Важным методологическим вопросом является обсуждение тех реальных функций, которые обеспечивают данные различия: как и при каких условиях они возникают и каково их значение в системе общественного порядка. Трудность решения вопроса о природе, происхождении и реальных функциях данных различий связана с тем, что они развиваются как бы на двух уровнях. С одной стороны, философия, а потом и наука, пытаются уточнить эти различия и дать им четкое определение. С другой стороны, пытаясь доказать истинность и тем самым сделать определения действующими нормами поведения, мыслители сталкиваются с тем, что их рассуждения оказываются как недоказуемыми, так и невыполнимыми. Фундаментальные предпосылки, такие как различия природного и социального, божественного и человеческого, мужского и женского, плохого и хорошего, прекрасного и безобразного и т. п, складываются до познания и сами составляют неявную основу любых рассуждений. В культуре существует значительное число положений, которые, будучи самоочевидными и общепринятыми, тем не менее, не могут быть доказаны научным путем ссылками на опыт или логическое доказательство: тот, кто сомневается в существовании внешнего мира, в наличии сознания и т. п. всерьез, а не на философском диспуте, не считается нормальным. И это не случайно. Если сомневаться в этом, то недоказуемо и все остальное. История подобных различений уходит корнями в некогнитивные практики, и поэтому ее реконструкция должна не только опираться на определения, даваемые тем или иным философом, но и выявлять реальные структуры, в рамках которых они складываются и функционируют.

Человек и животное


Уже у древних народов, которые признавали несомненное превосходство сильных животных над человеком и даже наделяли своих богов их внешностью, встречаются мифы, повествующие о превосходстве и особом назначении человека. Несомненно, все это связано с практиками приручения и одомашнивания диких животных, что дало мощный импульс развитию человеческого общества, но также интенсифицировало чувство превосходства человека над человеком и сделало «естественным» господство и принуждение. Во всяком случае, не вызывает сомнений то, что различение человека и животного и обоснование превосходства человека, осуществляемое на космологическом, биологическим, моральном уровнях, служило оправданием власти над природой и эксплуатации животных.

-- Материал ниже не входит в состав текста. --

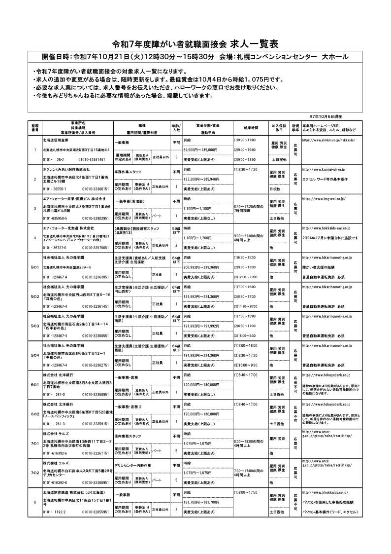 2024.10.25 令和6年度「障がい者就職面接会」の求人一覧【詳細版】の文字拡大版を掲載しました。面接会特設ページでご確認ください。
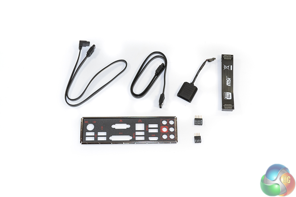 MSI includes only two SATA cables which is a representation of this board's price point. A black IO shield and two convenient M-connectors also make the package. Given its emphasis on appearance, MSI supplies the Z97 Gaming 5 with a black SLI cable which is far better looking than the ugly brown alternative.

Однако морфологическое сходство с высшими млекопитающими и особенно человекообразными обезьянами обескураживало мыслителей и, вероятно, поэтому столь рано и столь остро встал вопрос о признаках, отличающих человека от животного. Человек отличается прямохождением, наличием руки, умением изготавливать орудия труда, речью, а также внутренним своеобразием: только он испытывает стыд, создает культуру, помнит прошлое, умеет смеяться и плакать, знает о своей смертности и т.п. Вместе с тем некоторые из перечисляемых признаков можно найти и у животных: птицы ходят на двух ногах, пчелы пользуются языком танца, чтобы сообщить о нахождении медоносов, муравьи образуют сообщество, не уступающее по сложности организации человеческому. Кроме того, дистанция между человеком и животным несимметрична: различие между инфузорией и шимпанзе не меньше, а может быть больше, чем различие между обезьяной и человеком. Очевидно, что различие человека и животного должно лежать в какой-то иной плоскости. Но тогда вообще исчезает основание для их сравнения. Следовательно, то странное упорство, которое ученые проявляли в сравнивании человека именно с животным, не объясняется наличием «объективных» различий. Оно вызвано ценностными предпочтениями и жизненными ориентациями. Некоторые философы и, в частности еще Платон, пытались противостоять обыденной установке и считали, что различение человека и животного во многом связано с различениями благородных и низших сословий в обществе.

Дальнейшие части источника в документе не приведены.